Thinking about the Beatitudes

For any lesson you are doing on the Beatitudes (Matthew 5:1-11), you may wish to combine this discussion activity that helps students think about how the Beatitudes apply to their own lives. Preparation Print these five phrases using thick marker on separate sheets of scrap paper: 1) Strongly Agree; 2) Agree; 3) Somewhat Agree; 4) Disagree; 5) Strong Disagree. Tape these scrap papers at regular intervals along one long wall in your classroom or on the floor in a large center space. Directions Point out the agree-disagree continuum. Tell the students you will ask a question or read a statement related to the Beatitudes. Choose a group of four or five students to move silently and stand near the spot on the continuum that most closely approximates how they feel.

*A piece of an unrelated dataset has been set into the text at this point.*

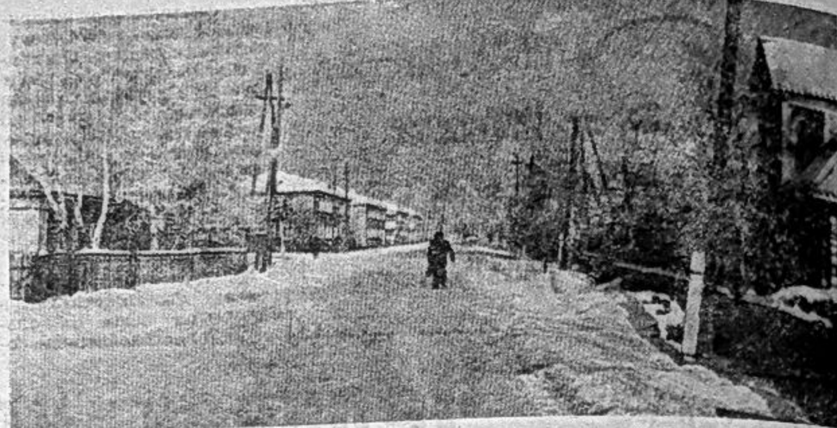
Побелок Майна в солнечный день.

Pause between each statement and ask the students to explain their positions. Use the following statements and add some of your own. Statements I will choose a career that serves people in need over a career that makes more money. Most poor people could help themselves if they chose to. I could forgive someone who injured or killed one of my family members. Good can come from suffering. I would rather be known more assertive than meek. Anger is a feeling that should be avoided at all costs. My attitudes and actions are affected by news stories about wars and starving children. When my friends hurt, I hurt. Everyone is out for themselves. I expect to be rewarded for worshipping God. The world will never be absent of war. I consider myself a peacemaker. I would die for my Christian beliefs. I would comfortably say a blessing before eating a meal in a public restaurant. I will stick up for an unpopular classmate who is being treated unjustly. After everyone in the initial group has had a chance to speak, call on another group to repeat the exercise. Or, use only one group of students to navigate the continuum but extend the conversation by calling on the other students to comment from their seats on the various items and how they might choose.